-------- Data block
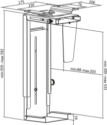 Păstrați spațiul de lucru curat și organizat cu suportul nostru reglabil pentru PC montat sub birou. Proiectat special pentru montaj sub birou, acest suport economisește spațiu și asigură protecția dispozitivului. Cu o construcție solidă și un aspect elegant, este alegerea ideală pentru orice loc de muncă.
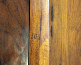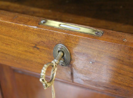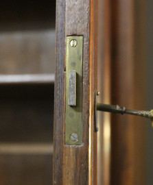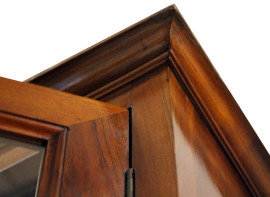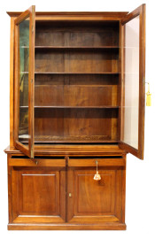 Libreria in noce, corpo superiore a due sportelli a vetri, corpo inferiore a due cassetti e due sportelli, manifattura per il Ministero dell'Istruzione, Firenze, 1870, cm h 246x137x49
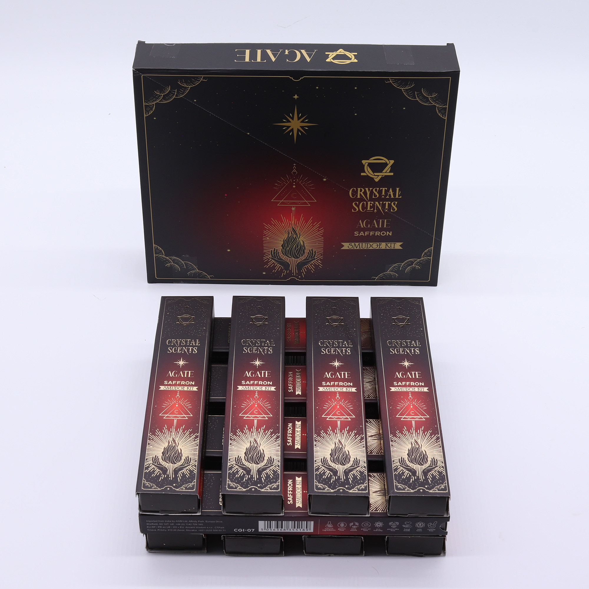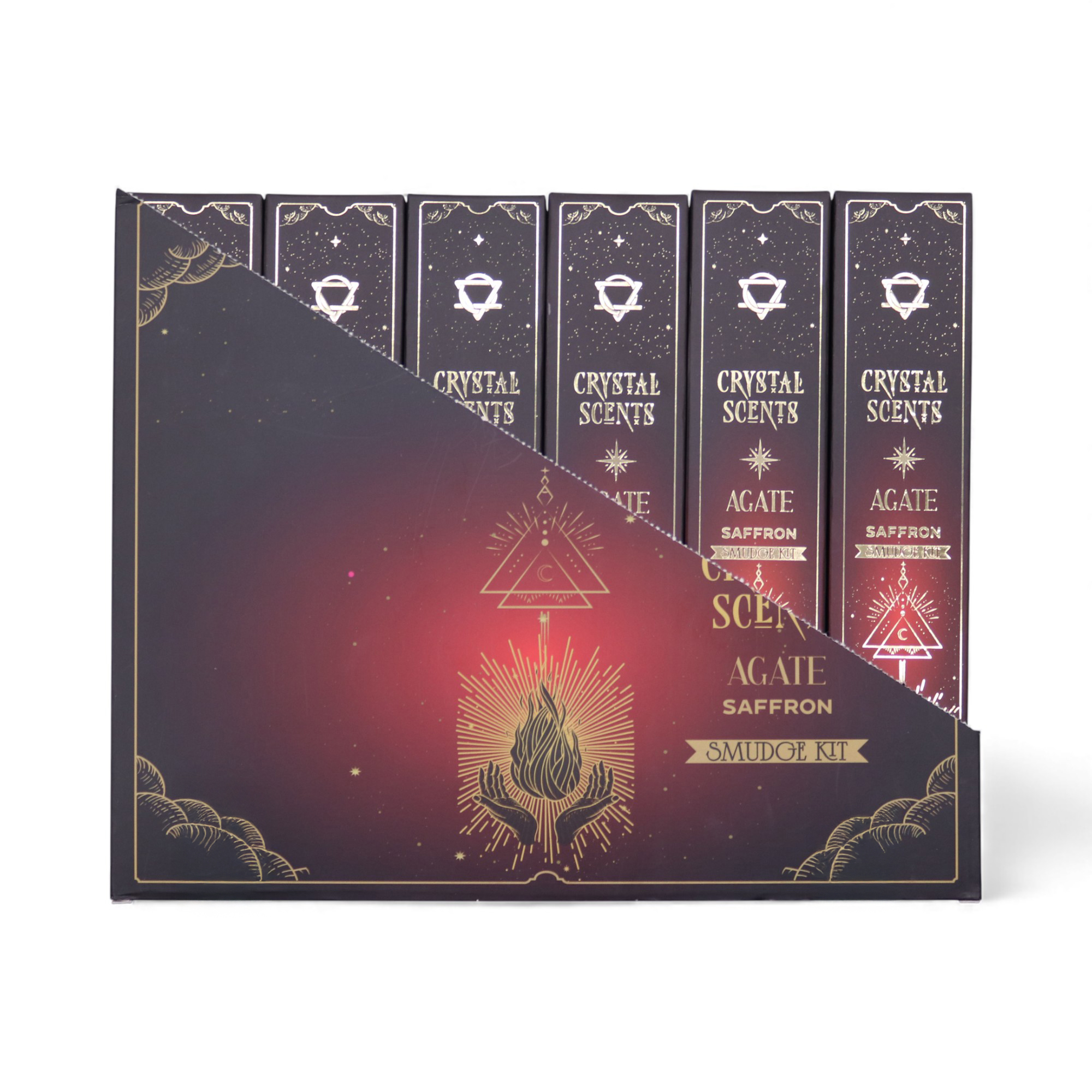 Varje förpackning innehåller tio handgjorda smudge-pinnar med en äkta Röd Agatkristall, vilket ger den stark presentpotential och brett butikstilltal. Dess varma, fylliga doft gör den lämplig för både dagliga centreringsritualer och säsongsutställningar.
----------------
What you will do
Without including any picture, repeat the data exactly.

Written answer
 Păstrați spațiul de lucru curat și organizat cu suportul nostru reglabil pentru PC montat sub birou. Proiectat special pentru montaj sub birou, acest suport economisește spațiu și asigură protecția dispozitivului. Cu o construcție solidă și un aspect elegant, este alegerea ideală pentru orice loc de muncă.
 Libreria in noce, corpo superiore a due sportelli a vetri, corpo inferiore a due cassetti e due sportelli, manifattura per il Ministero dell'Istruzione, Firenze, 1870, cm h 246x137x49
 Varje förpackning innehåller tio handgjorda smudge-pinnar med en äkta Röd Agatkristall, vilket ger den stark presentpotential och brett butikstilltal. Dess varma, fylliga doft gör den lämplig för både dagliga centreringsritualer och säsongsutställningar.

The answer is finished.